Patient selection and data acquisition
Database search (35581 patients; 3-year interval) identified a total of 2217 patients with symptomatic AF admitted to our tertiary referral centre (Heart Center, University of Bonn, Germany). In 63 consecutive patients with paroxysmal (58.7%) or persistent (41.3%) AF, amiodarone-loading therapy was first initiated in hospital (clinical characteristics outlined in Table 1). Fifty-eight patients (92.1%) were treated with oral and five patients (7.9%) with iv loading therapy.

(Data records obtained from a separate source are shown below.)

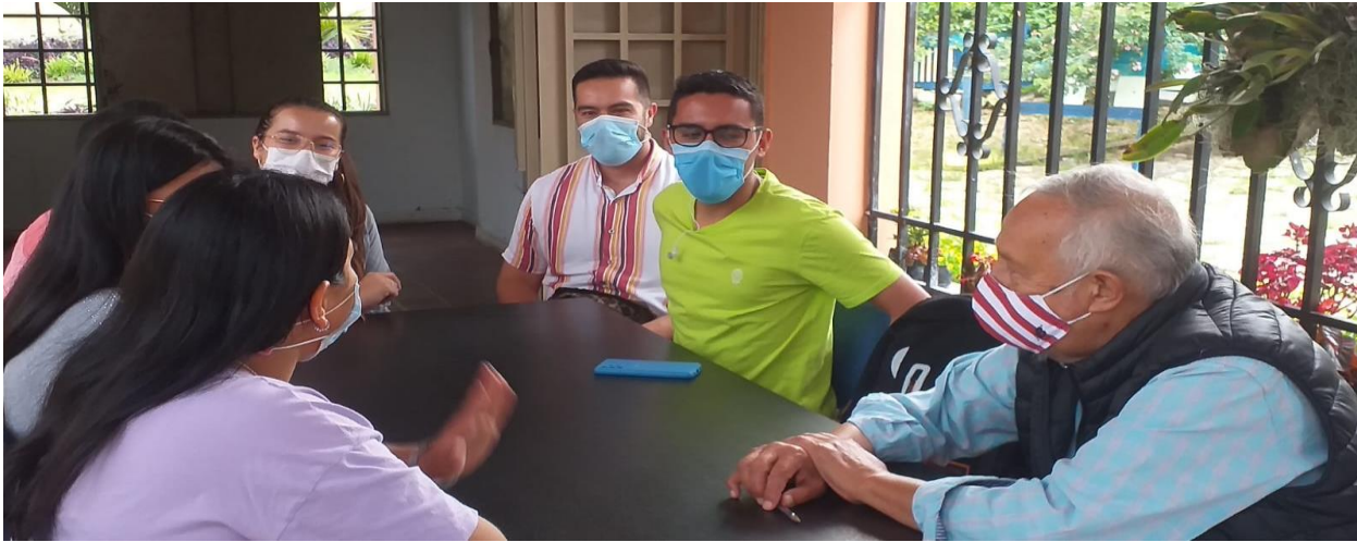
Nota. Construcción de las actividades a realizar en los comedores. Elaboración propia.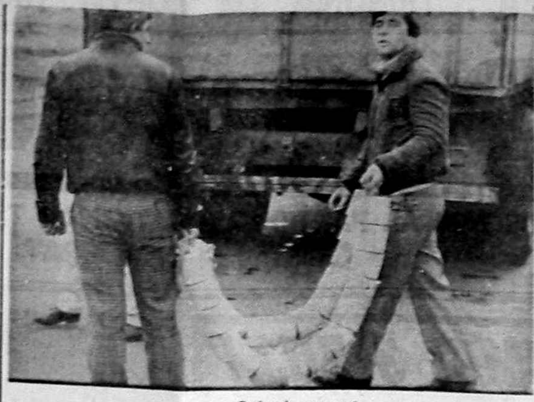
Troiea de mare preț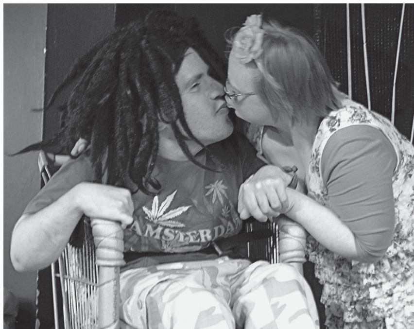
Fig. 12: Crazy Sommernachtsträume , 2008 (A. Eggers) © Kirsten Heer.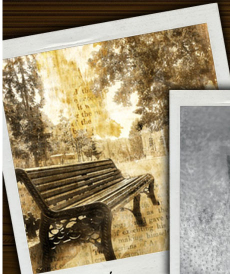
Nieznajomi z parku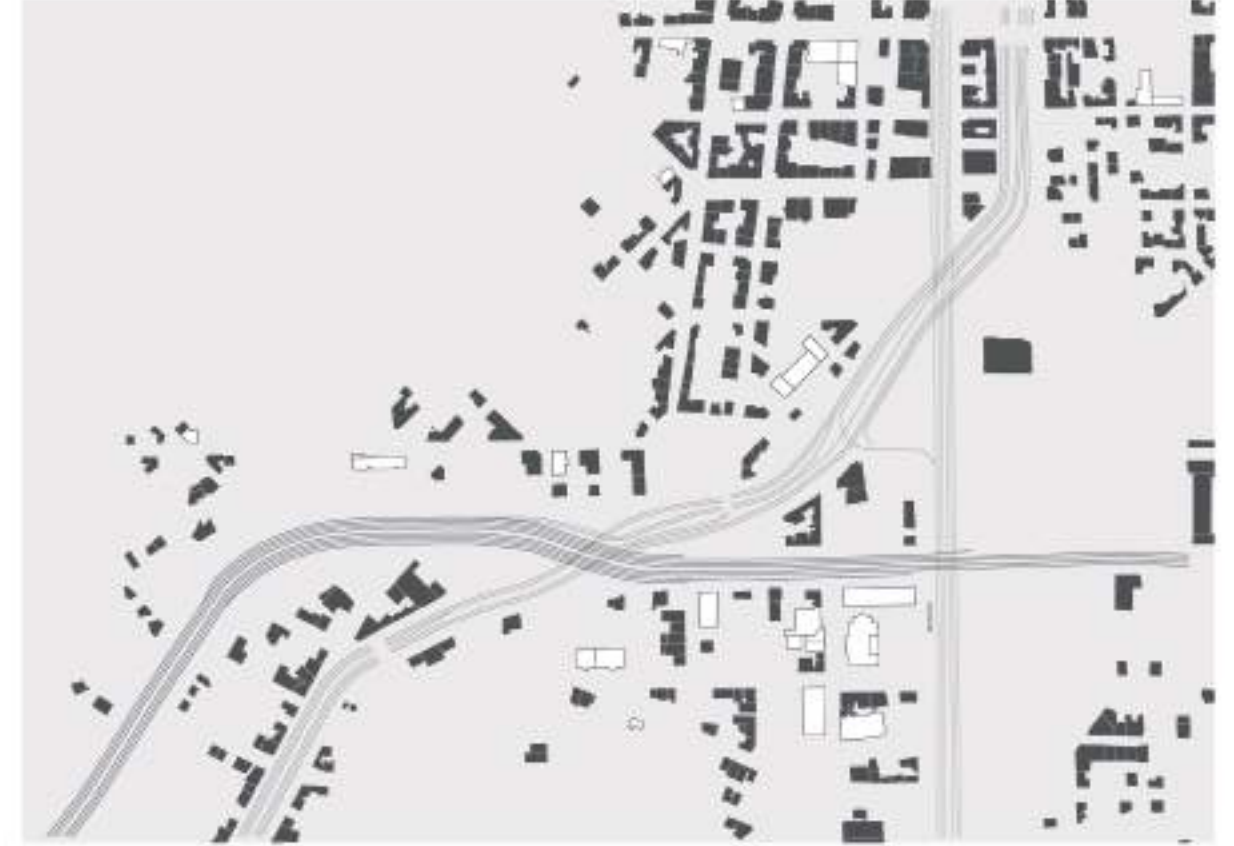
LES ROUTES SUPPORT D'ACTIVÉS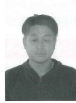
優良施設 おくとに理容所 理容業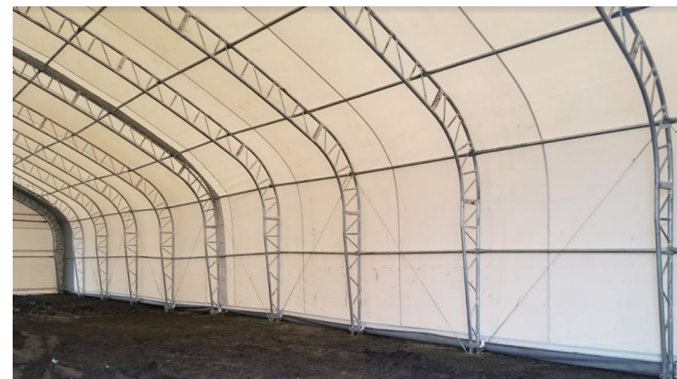
シート 1 層張り：材工価格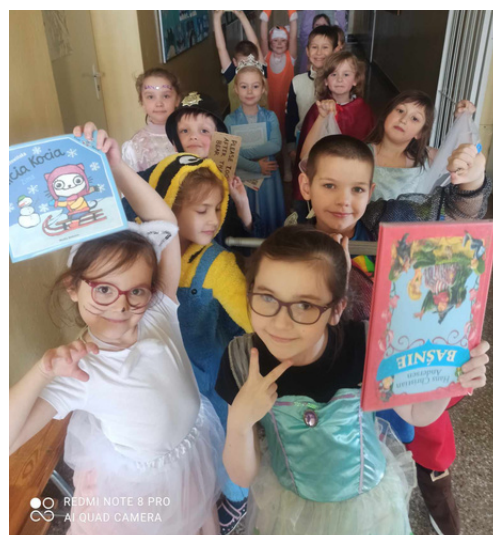
Pasowanie na czytelnika uczniów klasy Ia. Każdy mógł przebrać się za bohatera z ulubionej książki.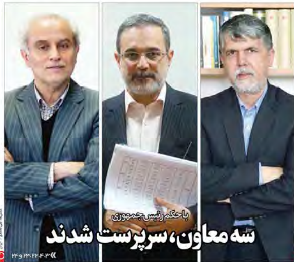
سید عباس صالحی، سید محمد بطحایی، سید نصرالله سجادی وزارت فرهنگ و ارشاد اسلامی، وزارت آموزش و پرورش، وزارت ورزش و جوانان

تجدید فروش سراج هنری ۴ میلیون دلار بود فروشگاه «هنر ایران» (ای بی بی سی) به نحو اختصاصی ۵۰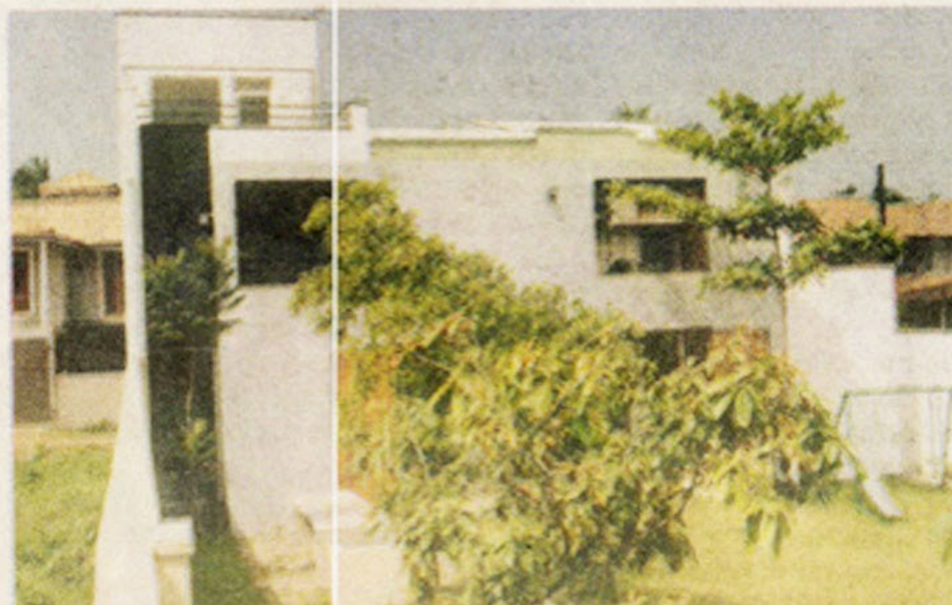
පිටුපස උදාහරණයේ සිට බලන විට නිවස පෙනෙන අයුරු.

ප්‍රවීණ වාස්තු විද්‍යාඥ සුජීන් මොහොමඩ්ගේ නිවසට ගොඩ වැදෙමු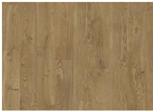
Serengeti CLA 200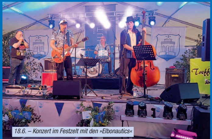
18.6. – Konzert im Festzelt mit den »Elbonautics«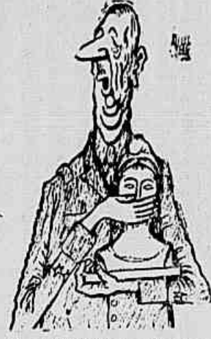
O general Charles De Gaulle tenta sufocar a República

ROMA, 26 (FP) — Terminaram hoje as operações de voto nas 55.000 seções eleitorais, às 14 horas. Foi iniciada a apuração logo depois do fechamento das mesas eleitorais. Foi considerável a afluência às urnas no segundo dia de eleições. Apesar de não terem sido publicados dados oficiais a respeito do número definitivo dos votantes (que ontem à noite, ao findar o primeiro dia das eleições, era de 77,1 dos inscritos), acredita-se que a percentagem média nacional tenha atingido a percentagem das precedentes eleições legislativas de 1953, ou sejam 93,8 por cento dos eleitores. Os dois dias eleitorais não foram assinalados por qualquer incidente notável, de lado alguns incidentes de caráter local. Por outro lado, a calma e a tranquilidade características dessa consulta popular jamais foram perturbadas por incidentes sérios no transcurso das nove semanas da campanha que precedeu as recentes eleições.

Patients were retrospectively analysed for age, gender, accompanying cardiac diseases, medical treatment, and ECG characteristics. Electrocardiographic parameters were analysed in the 12-lead ECG, and QTc was calculated by Bazett's formula.13Go At least two surface ECGs of each patient (before and after initiation of amiodarone) were analysed. Biochemical analyses (serum electrolytes) and complete blood counts were locally performed, and plasma levels of digitalis and amiodarone were evaluated by standard pharmacological testing. Left ventricular ejection fraction (LVEF) was determined by trans-thoracic echocardiography, LVEF of <30% was regarded as severely reduced. A subgroup analysis of the cohorts with concomitant beta-blocker and digitalis therapy was performed to correlate pro-arrhythmia with iv or oral amiodarone, gender, age, concomitant diseases, medical therapy, QT interval, ECG abnormalities, and left ventricular function.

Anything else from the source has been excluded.